The relationship between bitcoin and Ethereum has always been a funny one- but understanding the inner workings of this notorious relationship could help set investors up for the next surge.
Since nearly the advent of Ethereum (ETH) itself, the token has kept a pretty interesting pace with bitcoin. ETH alongside most other major altcoins has normally run in front of the historic crypto’s rallies, often functioning as an oscillator of good things to come in the bitcoin arena.
What was deemed “altcoin season” a period after a large bitcoin rally and subsequent correction, Ethereum would make its move on the market, signally whether we should expect a bull run in bitcoin, or if another few weeks of the frosty forecast was in order; sort of like a bitcoin Punxsutawney Phil.
Lately, however, this long term correlation has been nowhere to be seen as ETH markets seem to stagnate and Bitcoin enjoys several strong rallies.
Leaving ETH underperforming despite renewed interest and vigor in crypto markets at large- owing largely to DeFi (decentralized finance) and a bigger push from legacy fintech. Understanding the correlation between the two can be tricky for first-time investors, but platforms like Bitvavo are here to help.
Patiently explaining charts and oscillators while helping to better investment savvy, which isn’t just good for investors- but for the markets as a whole.
A Long Correlation Now a Struggle to Keep Up
Largely, in recent years what is believed to have held such a strong correlation between the two markets is the relationship between Ethereum and bitcoin themselves.
Although these two coins have often been pitted against one another in an ideological way, Ethereum and bitcoin actually have a pretty solid working relationship. One that has become much more symbiotic in recent years.
For a long time running, bitcoin seemed to become the asset investment, where Ethereum held up the business side of things.
Largely using a strong foundation of decentralized and open-source coding, the Ethereum network was capable of creating the infrastructure that bitcoin required to become a viable working financial structure.
Where bitcoin could, and has, provided the strength and stability to hold its value well, function as a borderless currency, and have real “go” power when being considered an alternative to existing fiat structures.
Ethereum on the other hand, with a keen focus on DApps (Decentralized application) and a paradise for any developers looking to get their feet wet- or go headfirst- into a world of coding fintech structures in an open-source format.

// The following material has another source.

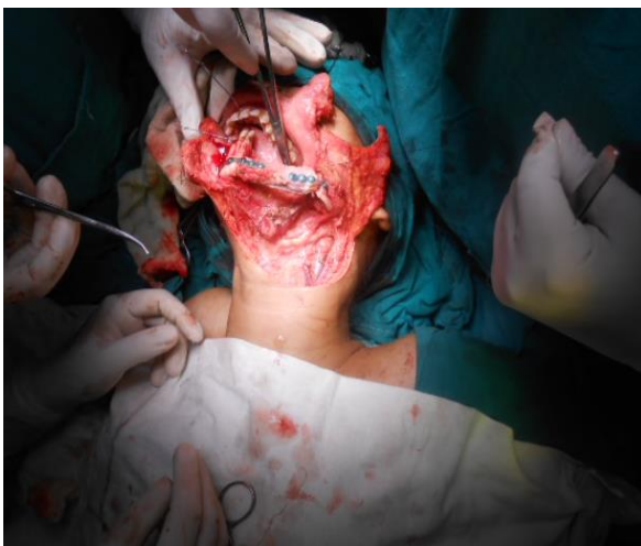
Fig. 8: Showing iliac crest grafting with Plating after segmental mandibulectomy

Ethereum caught the starry eyes of coders, while bitcoin steadily took the interest of investors.
While it’s still safe to say that interest in Ethereum is holding strong, and will probably see itself a rally soon, particularly as bitcoin is looking for another prolonged correction in the near future, the market currently hasn’t seen much favorable movement.
Over the summer, ETH seemed to be keeping pace with BTC’s steady rise, however that honeymoon period was definitely over, come the start of Q4 of this year.
Why Faltering ETH Could Spell Sucess for Both Cryptos
One of the reasons that many experts believe Ethereum is seeing this somewhat unprecedented slump may not actually be so disastrous.
Bitcoin has been unexpectedly strong throughout the summer. Holding fast and showcasing stability that is unusual for the coin to say the least.
Whether that has to do with rising concerns surrounding the reliability of fiat, growing distrust of large governmental powers, an economy in crisis, or any of the other issues brought to you by the year 2020, bitcoin has outperformed almost everyone’s expectations this year.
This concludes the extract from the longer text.